Feed Me, Hunty! Audrey II Announces They Will Start Accepting Blood From Gay and Bisexual Men

by Violet Jones. @violet_leigh.

SKID ROW, NY - During a press conference at Mushnik and Son Flower Shop, fan-favorite blood-thirsty plant Audrey II announced that they will now accept blood/body parts from gay and bisexual men, a reversal of a Regan-era policy.

“I bloomed during the AIDS crisis, and because of that I had a certain view of gay and bisexual men; a view that I realize now is outdated and hurtful,” said the alien plant, flanked by local street urchins who identify as members of the LGBTQ+ community. “One of my re-potted trimmings, Audrey XV, recently came out as bi and has helped me bloom into a more compassionate and accepting carnivorous plant.”
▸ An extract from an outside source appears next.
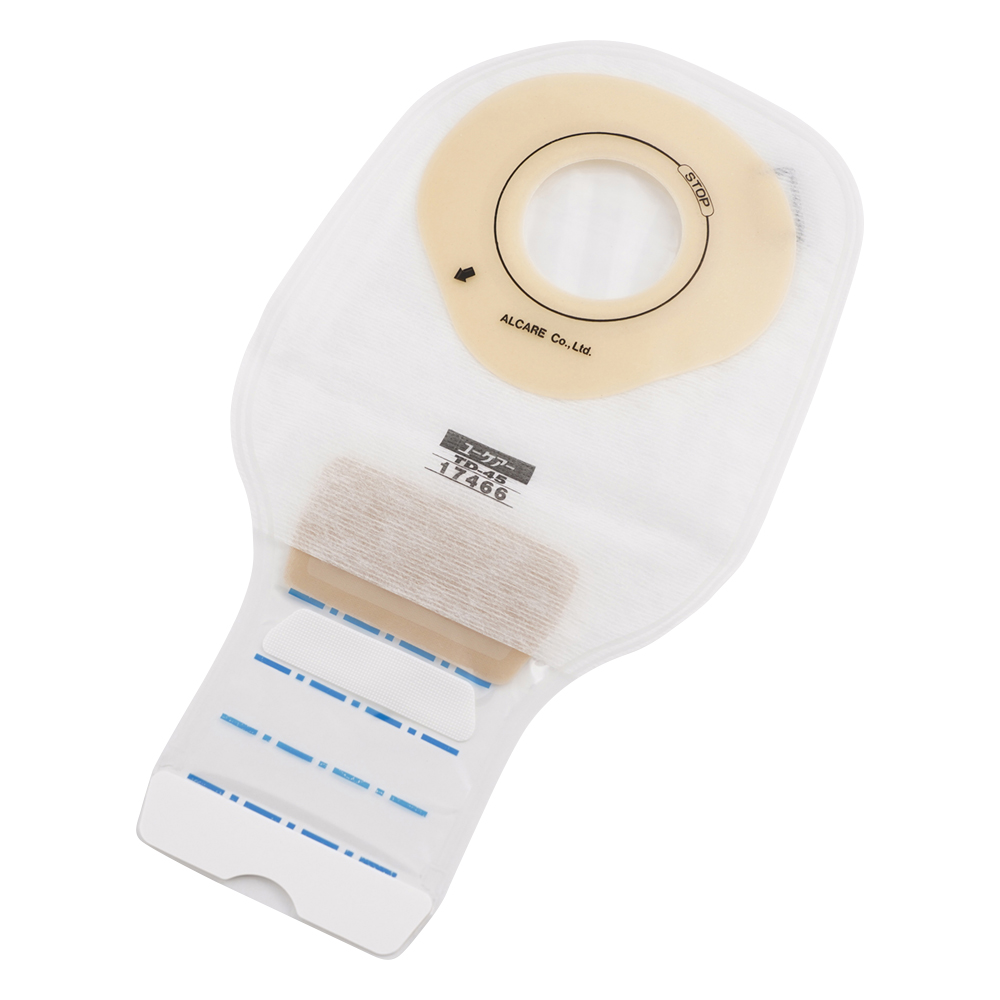 ●消化管ストーマ用。全体が平らな面板で、高さのあるストーマに適しています。下部に便排出口があるストーマ袋です。交換目安は2日。

Seymour Krelborn, long time personal assistant/Renfield-like lackey for Audrey II, voiced his support for the policy change.
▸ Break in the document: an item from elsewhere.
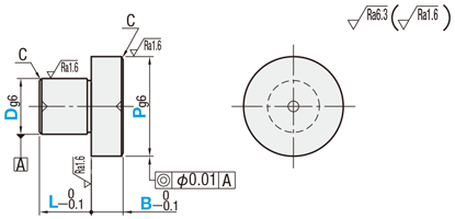| NTP | 抜きタップ加工を追加![]() | P寸部に抜きタップを追加します。 [ ! ]D≧6.0の場合に適用 [ ! ]L+B≦M×5の場合は、下穴が貫通することがあります。

“I can’t tell you how many times I went through all the trouble of murdering someone only to have to throw them out and find another victim after discovering a pride flag in their apartment,” a beaming Krelborn stated. “Recently, I started only targeting men who were subscribed to Joe Rogan’s podcast, to be safe. I’m excited to be able to widen my murder net to be more inclusive.”

Audrey XV praised the decision.

“I felt like it was vital that they understood how harmful their policy was, especially considering the unprecedented attacks on the LGBTQ+ community coming from state governments in the past year," they said, addressing the crowd in a stunning new pot painted with the colors of the bisexual pride flag. "And sure, now they need to worry about being eaten by plants on top of ‘Don’t Say Gay’ policies, but the feeling of acceptance that will wash over them as they’re digested will let them know they’re in a safe space.”
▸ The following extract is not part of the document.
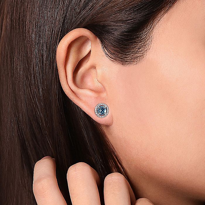 HOME / Gabriel & Co. EG13961W45BT 14K White Gold Round Blue Topaz Floating Diamond Halo Stud Earrings

Audrey II, after ceremonially eating a gay street urchin to rapturous applause from the gathered crowd, closed the press conference with final words on progress.

“We’re also very proud to announce new events at the flower shop in honor of Audrey II’s decision,” beamed Mr. Mushnik, pushing Seymour off the stage on his way to the microphone. “We will now be hosting weekly RuPaul’s Drag Race viewing parties. Death drops aren’t just for bloodless corpses at Mushnik and Son Flower Shop anymore!”